In the verdict, the ICTY concluded that Stojić "directed and exercised effective control over the HVO armed forces and the Military Police" but "did not make serious efforts to end the commission of crimes although he had the authority and the duty to do so".

==Charges==
Taken from the ICTY press release:
- nine counts of grave breaches of the Geneva conventions (wilful killing; inhuman treatment (sexual assault); unlawful deportation of a civilian; unlawful transfer of a civilian; unlawful confinement of a civilian; inhuman treatment (conditions of confinement); inhuman treatment; extensive destruction of property, not justified by military necessity and carried out unlawfully and wantonly; appropriation of property, not justified by military necessity and carried out unlawfully and wantonly).
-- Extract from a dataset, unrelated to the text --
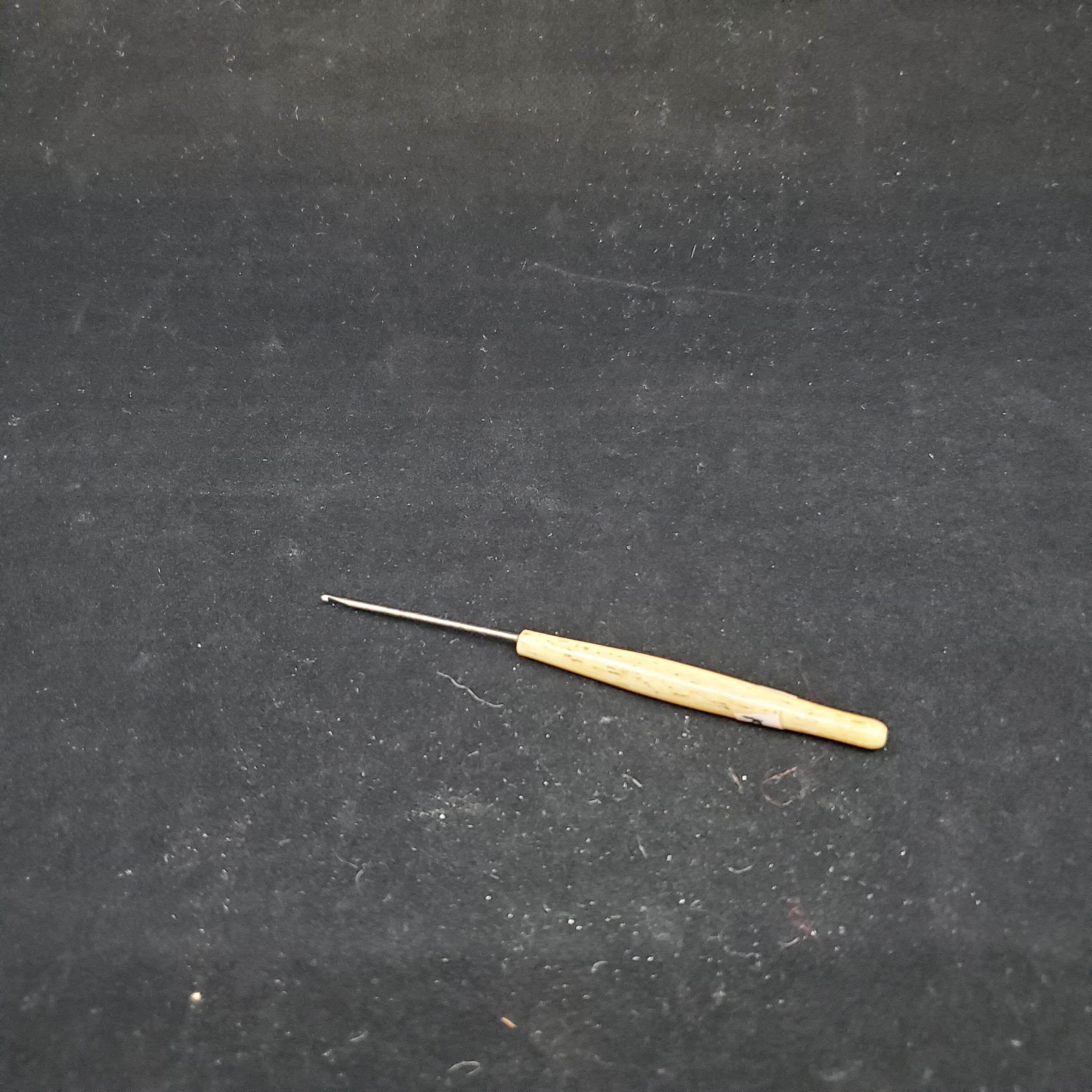Very fine steel crochet hook with a bone handle. Handle a creamy colour with dark brown markings. Slightly rounded through center area.

- nine counts of violations of the laws or customs of war (cruel treatment (conditions of confinement); cruel treatment; unlawful labour; wanton destruction of cities, towns or villages, or destruction not justified by military necessity; destruction or wilful damage done to institutions dedicated to religion or education; plunder of public or private property; unlawful attack on civilians; unlawful infliction of terror on civilians; cruel treatment), and
- eight counts of crimes against humanity (persecutions on political, racial and religious grounds; murder; rape; deportation; inhumane acts (forcible transfer); imprisonment; inhumane acts (conditions of confinement); inhumane acts).